Viktor Mykoyaylovych Ahyeyev (Виктор Николаевич Агеев; Віктор Миколайович Агєєв; born on 17 May 1959), is a Russian and Ukrainian politician who is serving as the Head of the Municipal Formation Simferopol City District of the Republic of Crimea - Chairman of the Simferopol City Council since 29 September 2014.

Ahyeyev was the 3rd and final Mayor of Simferopol in the Autonomous Republic of Crimea from 2010 until 2014 before its annexation to Russia.

==Biography==

Viktor Ahyeyev was born in Litizh, Bryansk Oblast on 17 May 1959.

In 1981, he graduated from the Kharkov Institute of Mechanization and Electrification of Agriculture with a degree in electrification of agriculture. Ahyeyev began his career in 1981 as an electrical engineer at the state farm named after. Gagarin in the Kharkiv Oblast.

From 1983 to 1984 he worked as an engineer at the Simferopolsky Experimental Greenhouse Complex in Simferopol.

From 1985 to 1987 he served in the Soviet Army. After completing his service, he worked for 5 years as a power engineer at the Krymnerudprom Production Association.

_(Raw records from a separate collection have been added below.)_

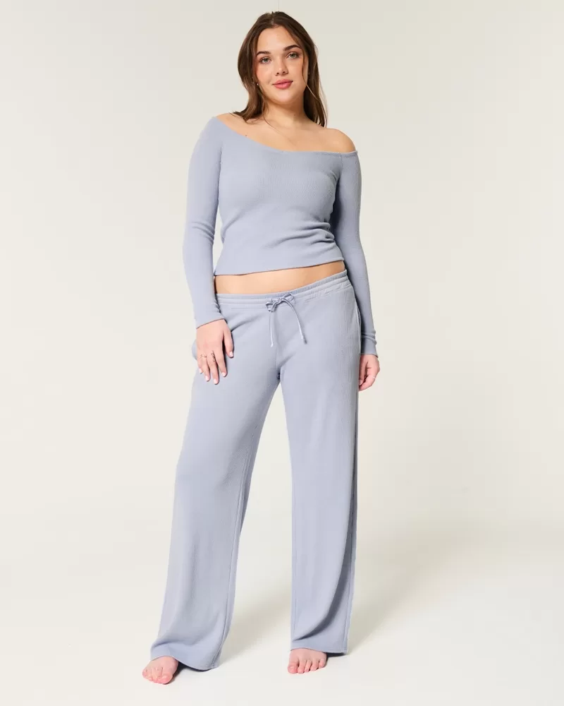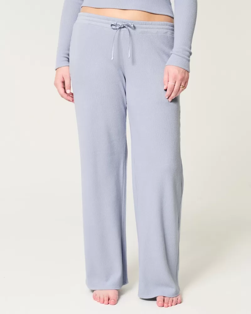 Super soft pants in cozy waffle fabric, designed with a straight leg and drawstring waist. Pockets. Imported.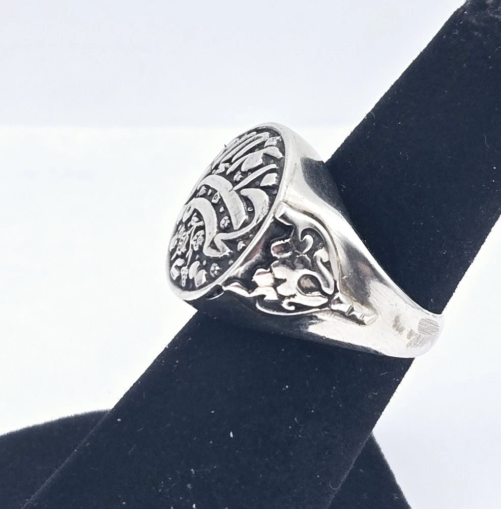 HomeVTG Sterling Silver Signet Arabic Calligraphy Script Islam Ring - Size 5 - 7.8g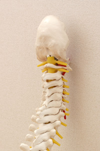 首の骨は縦に七つ積み上げられた状態になっており、その1つ1つの骨の間には椎間板という衝撃などを吸収してくれるクッションの役割をしているものがあります。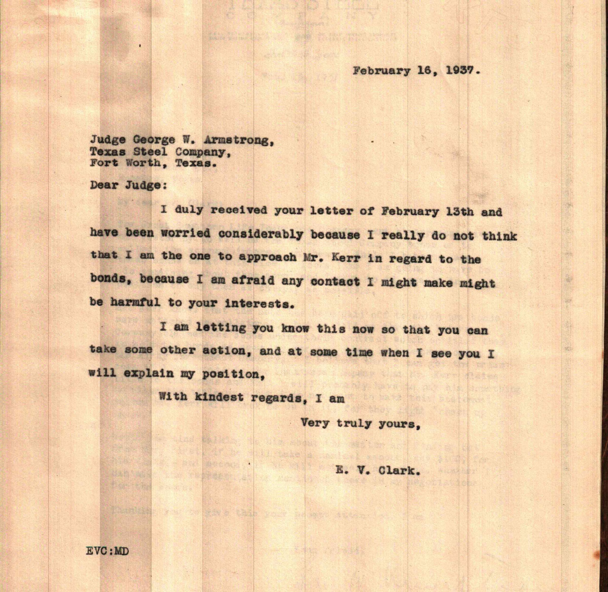 Letter from E V Clark to George W Armstrong February 16,1937Tags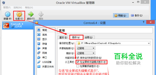 设置虚拟机显示,方便在系统安装过程中查看全屏信息。 ◆操作过程:在VirtualBox管理器界面;点击【设置】→选择“常规”中“高级”→勾选“在全屏或无缝模式显示”→点击【确定】→完成设置。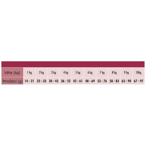 Analytické zložky: hrubý proteín 31,00 %, hrubé vlákna 3,00 %, hrubý tuk 12,00 %, hrubý popol 9,50 %.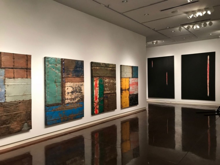 En la gran pintura, Sin título, de la serie, Heridas 2015, Roberto Diago ha cubierto el lienzo con una gruesa capa de pintura negra. La planitud resultante del plano de la imagen solo se rompe por dos aperturas verticales en forma de barras largas, en las secciones superior izquierda y centro derecha de la pintura. Los cortes parecen heridas abiertas de intenso rojo y blanco, como sugiere el título de la serie.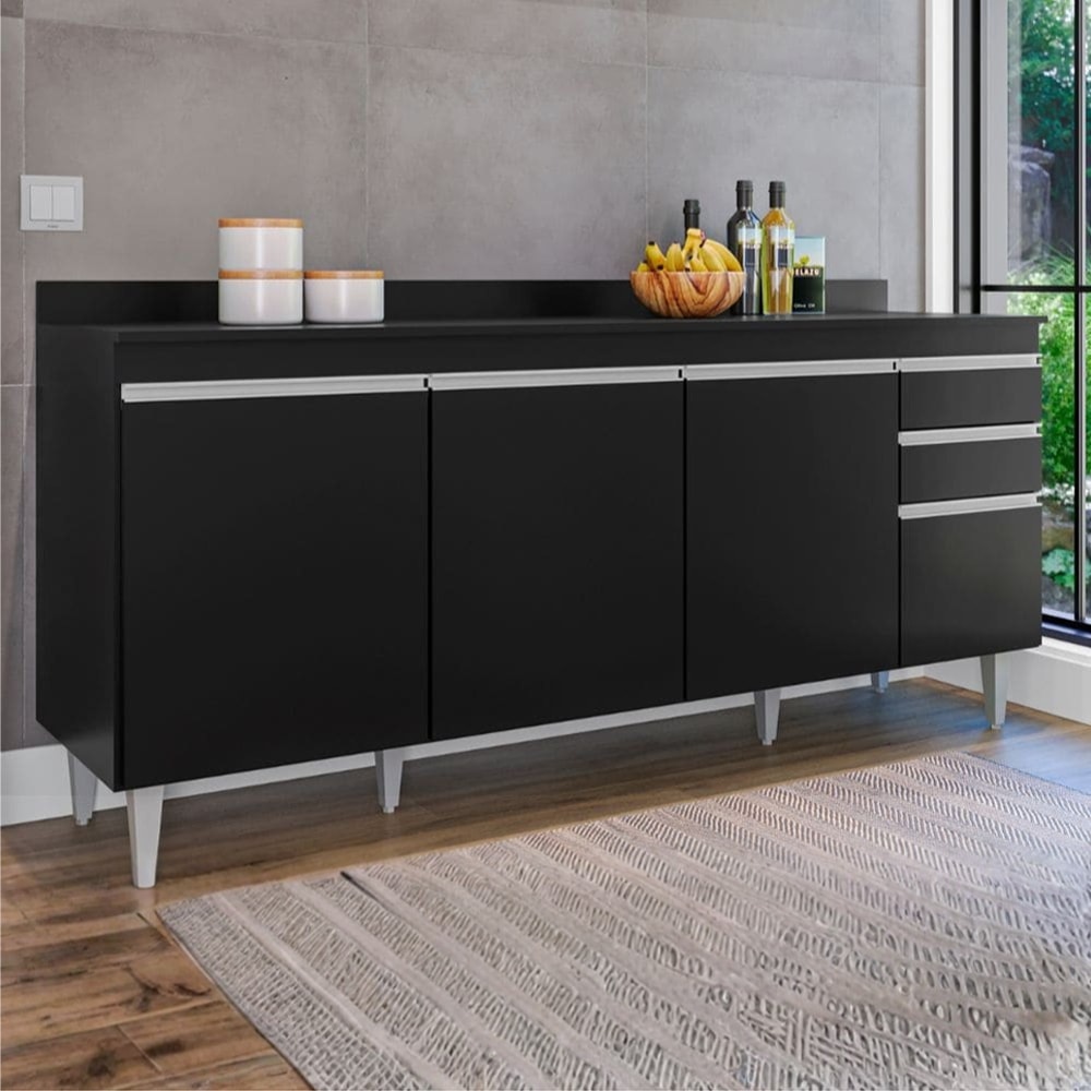 Balcao Com Tampo 4 Portas 2 Gavetas 180 cm BP Agatha Preto Eratto Moveis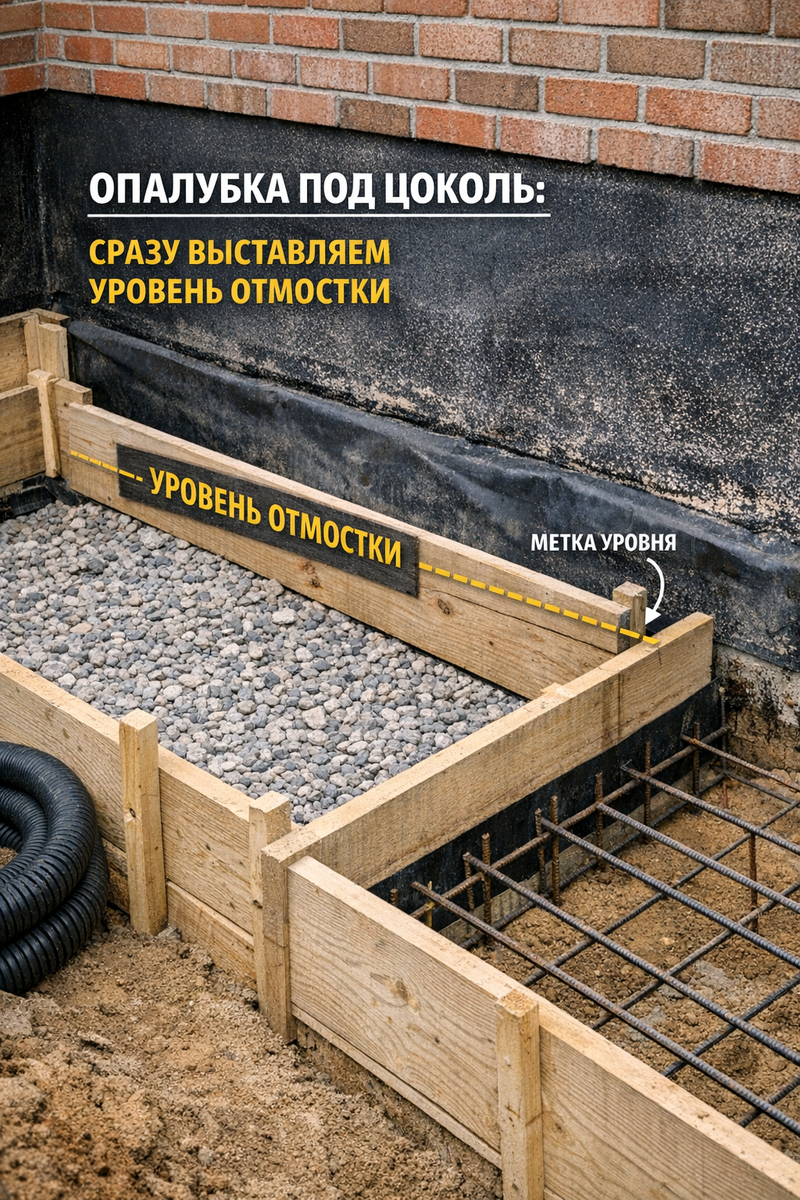 Одна из самых частых ошибок на частной стройке — цоколь «по месту», без привязки к будущей отмостке и планировке участка. Пока дом в коробке — всё выглядит нормально. А потом появляется засыпка, отмостка, дождь… и вода начинает лететь в стены. Именно так возникает классическая «цоколь низкий проблема» — когда уровень фундамента изначально заложен без учёта рельефа и будущей отметки земли. Разберём, как правильно выставить опалубку под цоколь, чтобы высота цоколя отмостка работала вместе, а не конфликтовала. Особенно актуально это для Таганрога и Приазовья, где ливни и ветровая вода — не редкость. Часто цоколь делают «по стандарту»: 30–40 см над текущей землёй. Без анализа будущей планировки. Но участок после строительства почти всегда меняется: — поднимается грунт;

From 1992 to 2000, he worked in various positions at the Konsol company. For the next two years, he held the position of General Director of Konsol LTD LLC.

Between December 2002 and May 2006, he was the deputy chairman of the Board of the Ukrrosbud Corporation.

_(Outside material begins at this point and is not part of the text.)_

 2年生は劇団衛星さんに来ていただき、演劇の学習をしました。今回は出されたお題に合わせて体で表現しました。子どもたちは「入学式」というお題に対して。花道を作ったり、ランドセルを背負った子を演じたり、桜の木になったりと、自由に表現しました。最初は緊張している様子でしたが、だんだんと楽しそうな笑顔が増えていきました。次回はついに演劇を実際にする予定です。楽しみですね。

In 2002, he was elected as a member of the Verkhovna Rada of Crimea in the majoritarian district. In the same year, Viktor Nikolaevich received the title of Honored Builder of the Autonomous Republic of Crimea. Four years later, in 2006, he was reelected to the regional parliament.

In 2005, he graduated from the Kharkiv Regional Institute of Public Administration of the National Academy of Public Administration under the President of Ukraine with a degree in public administration and received a master's degree in public administration.

In May 2006, he has been Chairman of the Standing Committee of the Verkhovna Rada of Crimea for Industry, Construction, Transport, Communications and the Fuel and Energy Complex. In 2007, Ahyeyev received the title of Honored Builder of Ukraine.

On 7 November 2010, Ahyeyev was elected the 3rd Mayor of Simferopol. He officially took office on 11 November.

On 29 September 2014, after the annexation of Crimea, Ahyeyev was elected the head of the municipality of the city district of Simferopol of the Republic of Crimea - the chairman of the Simferopol city council.

== Awards ==

- Medal “For Valiant Labor” (Republic of Crimea, 29 October 2015) — for significant contribution to strengthening unity, the socio-economic and cultural development of the Republic of Crimea, many years of dedicated work, high professionalism, active civic position, and in connection with the Day of National Unity.
- Order of Prince Yaroslav the Wise (2019).
- Order “For Loyalty to Duty” (Republic of Crimea, 2019).

==Family==

He is married to Nataliya and has four children. Nataliya is the daughter of Valeriy Yermak, who led Simferopol for sixteen years.